WHAT IS EXPECTED ▸
Word for word, repeat the data that follows. Do not include the pictures.

Data items
======
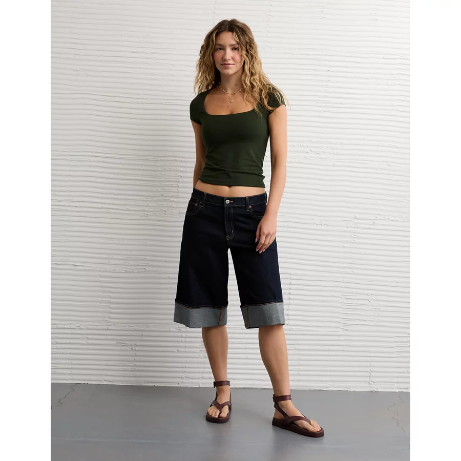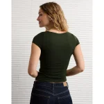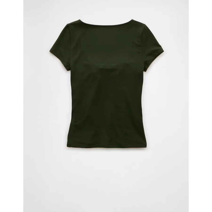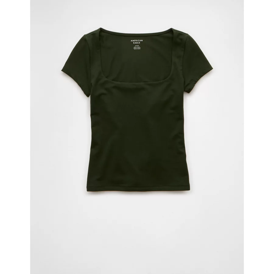 AE Square Neck Hey Baby Tee – Crew Green
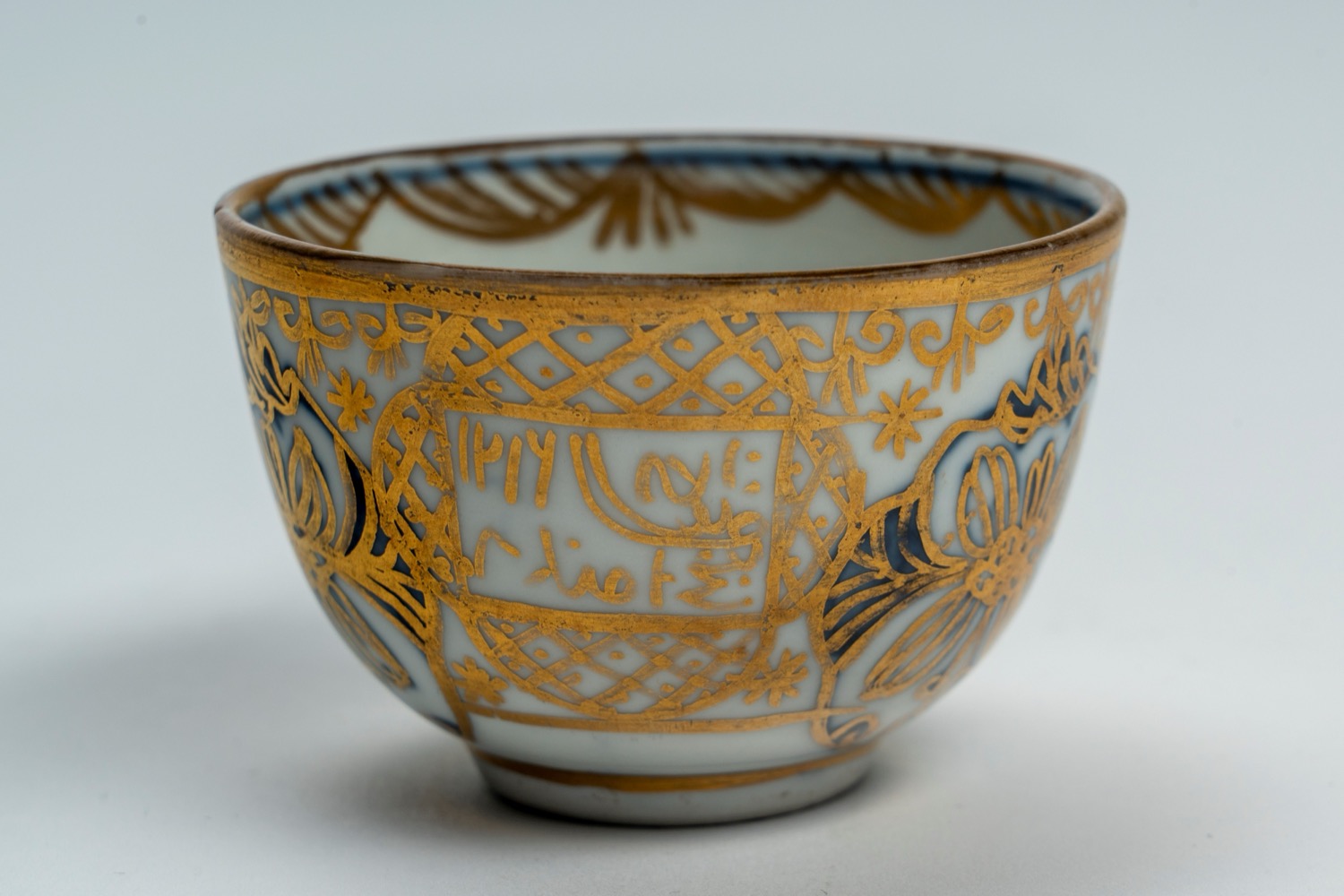 Tazzina in porcellana decorata in blu cobalto e oro a motivi stilizzati. Meissen per il regno di Osman, periodo Marcolini, 1774–1814
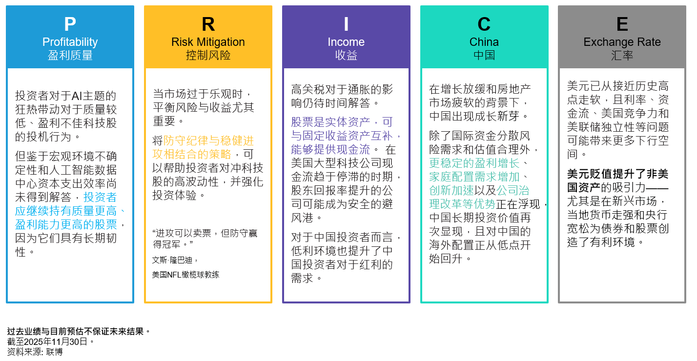 站在2026年的门槛上,我们对未来一年的展望概括为“审慎乐观”。乐观源于宏观环境正向着“金发女孩”(Goldilocks)式的理想状态演进;审慎则源于当前资产价格已在一定程度上反映了较好的经济与盈利预期,且市场内部的估值分化达到了极致。在这样一个充满机遇但容错率降低的环境中,投资者需要的不再是盲目的贝塔(Beta) 追踪,而是基于P.R.I.C.E. 框架 (盈利质量、风险控制、收益、中国机遇、汇率) 的着眼于全球权益市场的配置机会。
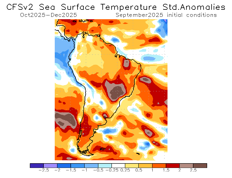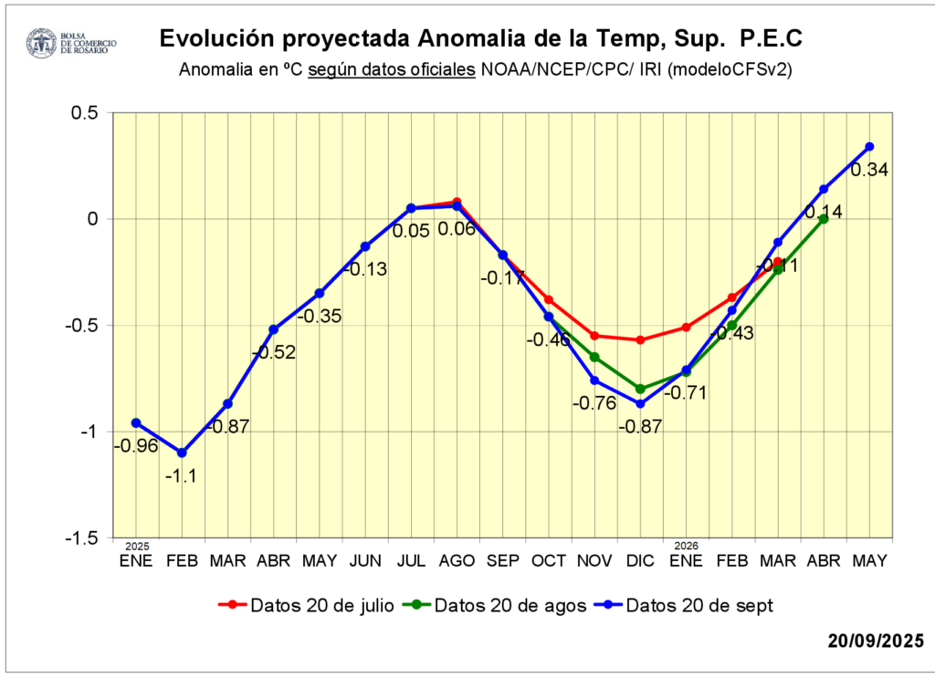 Con la siembra maicera en Argentina en marcha, peleando contra los excesos y buscando llegar a los lotes entre las tormentas que han ganado frecuencia semanal, la NOAA muestra una anomalía de la SST (temperatura superficial del mar) con un actual valor (setiembre) de -0,4, o sea casi saliendo de Neutralidad. La diferencia respecto a un mes atrás, es que la evolución proyectada de la anomalía en el mes de setiembre versus lo proyectado en agosto muestra valores de enfriamiento levemente mayores por debajo del umbral de -0,5. En agosto el valor más bajo se preveía en -0,8 para diciembre. Ahora, en setiembre, se observa un valor de -0,87. Este mayor enfriamiento también se nota en noviembre: -0,76 (vs -0.65). Pero no para enero: -0,71  ahora contra -0,72 hace un mes. ¿Qué significan estos números? Primero, que se ratifican valores de una probable Niña de intensidad leve y corta duración. Lo segundo es que “el rebote”, la vuelta a Neutralidad, se estaría acelerando y dando antes de que termine enero 2026. De hecho, para febrero 2026 se proyecta un valor de -0,43 (vs -0,5 proyectado en agosto). Entre los meses de enero y mayo del 2026 se hace evidente un calentamiento muy sostenido que invita a preguntarse si no es un “Niño” lo próximo que puede estar caracterizando a la fase del Pacífico.
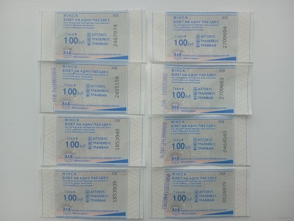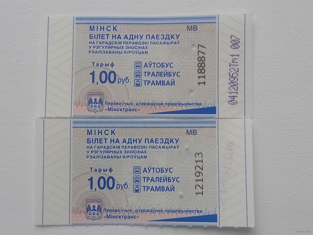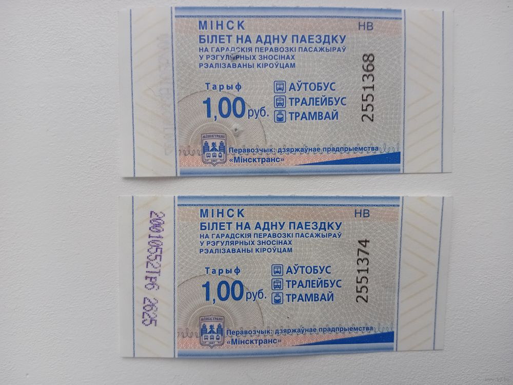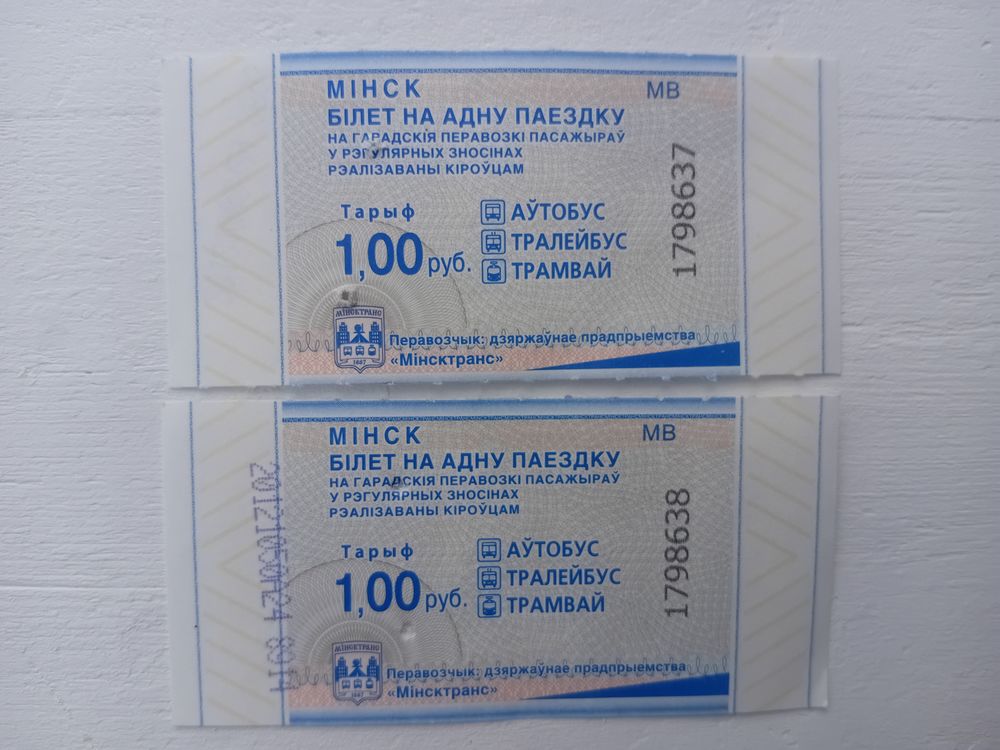 Билет на одну поездку. г. Минск. ЕВ,ЖВ,МВ,НВ
======
WORKED SOLUTION ▸
 AE Square Neck Hey Baby Tee – Crew Green
 Tazzina in porcellana decorata in blu cobalto e oro a motivi stilizzati. Meissen per il regno di Osman, periodo Marcolini, 1774–1814
 站在2026年的门槛上,我们对未来一年的展望概括为“审慎乐观”。乐观源于宏观环境正向着“金发女孩”(Goldilocks)式的理想状态演进;审慎则源于当前资产价格已在一定程度上反映了较好的经济与盈利预期,且市场内部的估值分化达到了极致。在这样一个充满机遇但容错率降低的环境中,投资者需要的不再是盲目的贝塔(Beta) 追踪,而是基于P.R.I.C.E. 框架 (盈利质量、风险控制、收益、中国机遇、汇率) 的着眼于全球权益市场的配置机会。
 Con la siembra maicera en Argentina en marcha, peleando contra los excesos y buscando llegar a los lotes entre las tormentas que han ganado frecuencia semanal, la NOAA muestra una anomalía de la SST (temperatura superficial del mar) con un actual valor (setiembre) de -0,4, o sea casi saliendo de Neutralidad. La diferencia respecto a un mes atrás, es que la evolución proyectada de la anomalía en el mes de setiembre versus lo proyectado en agosto muestra valores de enfriamiento levemente mayores por debajo del umbral de -0,5. En agosto el valor más bajo se preveía en -0,8 para diciembre. Ahora, en setiembre, se observa un valor de -0,87. Este mayor enfriamiento también se nota en noviembre: -0,76 (vs -0.65). Pero no para enero: -0,71  ahora contra -0,72 hace un mes. ¿Qué significan estos números? Primero, que se ratifican valores de una probable Niña de intensidad leve y corta duración. Lo segundo es que “el rebote”, la vuelta a Neutralidad, se estaría acelerando y dando antes de que termine enero 2026. De hecho, para febrero 2026 se proyecta un valor de -0,43 (vs -0,5 proyectado en agosto). Entre los meses de enero y mayo del 2026 se hace evidente un calentamiento muy sostenido que invita a preguntarse si no es un “Niño” lo próximo que puede estar caracterizando a la fase del Pacífico.
 Билет на одну поездку. г. Минск. ЕВ,ЖВ,МВ,НВ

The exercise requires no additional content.